Jakarta, Indonesia, held an election Wednesday to elect a new governor to succeed the current governor who is on trial after being indicted for violating blasphemy laws.
Basuki Tjahaja Purnama, or “Ahok,” is the first Christian and ethnically Chinese governor of Jakarta in the last 50 years, and is currently on trial for insulting Islam after accusing his opponents of using it as a means to mislead the electorate. He was elected in 2014 when then-governor Joko Widodo stepped down from the role to run for president.
Purnama was seen as the clear favorite to win re-election, until he was charged with blasphemy — a criminal offense in Indonesia — in late 2016. If convicted, Purnama faces up to five years in prison for his actions.
This election is seen as a test of religious tolerance in a country whose laws don’t support the liberty to be blasphemous. Indonesia’s blasphemy laws were enacted in 1965, and in 2012 a public servant was imprisoned for two and a half years on the charge of outing himself as an atheist on Facebook.
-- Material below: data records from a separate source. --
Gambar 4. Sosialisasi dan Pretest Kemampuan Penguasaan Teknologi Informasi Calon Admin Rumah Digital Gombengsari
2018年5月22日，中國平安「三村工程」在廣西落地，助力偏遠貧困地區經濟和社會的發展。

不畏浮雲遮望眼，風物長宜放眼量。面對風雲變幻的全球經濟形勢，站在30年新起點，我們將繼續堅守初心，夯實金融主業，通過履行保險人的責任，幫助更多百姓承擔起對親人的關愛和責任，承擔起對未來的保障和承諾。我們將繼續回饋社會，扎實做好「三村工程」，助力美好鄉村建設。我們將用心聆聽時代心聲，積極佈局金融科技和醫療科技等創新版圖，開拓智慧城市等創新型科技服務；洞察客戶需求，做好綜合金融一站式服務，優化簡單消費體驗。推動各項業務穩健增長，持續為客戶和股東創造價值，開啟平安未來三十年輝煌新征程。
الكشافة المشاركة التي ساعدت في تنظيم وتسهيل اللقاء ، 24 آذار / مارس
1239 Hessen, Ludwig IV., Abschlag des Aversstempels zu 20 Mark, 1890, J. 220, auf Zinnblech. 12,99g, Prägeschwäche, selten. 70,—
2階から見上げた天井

If Purnama wins the election, this could be seen as an clear rejection of blasphemy laws, given that 85% of Indonesia’s population is Muslim. This election gives the people of Jakarta the ability to freely voice a rejection to these kind of laws that limit freedom of speech — especially political speech — and freedom of religion.
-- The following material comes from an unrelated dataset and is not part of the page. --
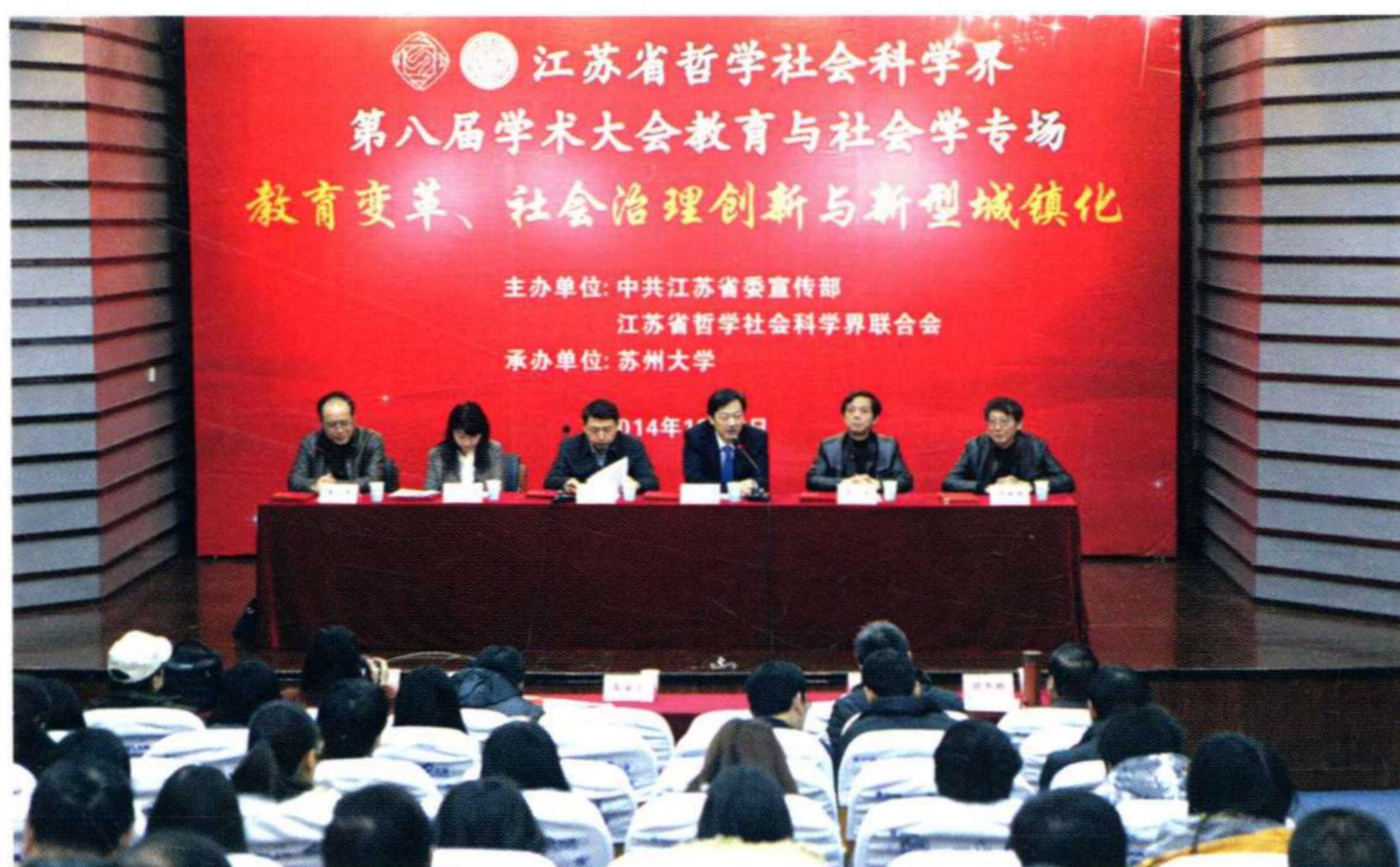
江苏省哲学社会科学界第八届学术大会教育与社会学专场在学校召开

The results of the election are expected some time during late February.ccr
Some voters have spoken out in favor of Purnama’s re-election despite the controversy. “I am a devout Muslim but I don’t care about the religion of our leaders,” said Lip Purwantara, a voter “I am voting for someone who can make our city greener, cleaner and better place to live.”
BBC reports that they witnessed “people telling those queuing to make sure they ‘vote for a Muslim,’ before being warned by officials not to intimidate voters.
Despite the controversy, Purnama has been credited with many successful policy decisions, including efforts to improve the the city’s traffic situation, tackling corruption, turning a red-light district into a public park, and favoring greater education and healthcare access.
Private exit polls suggested that Purnama still maintained a slight lead over former education minister Anies Baswedan, but doesn’t have enough support to reach the required 50% threshold to win. This suggests the likely possibility of a run-off election, which would occur some time in April.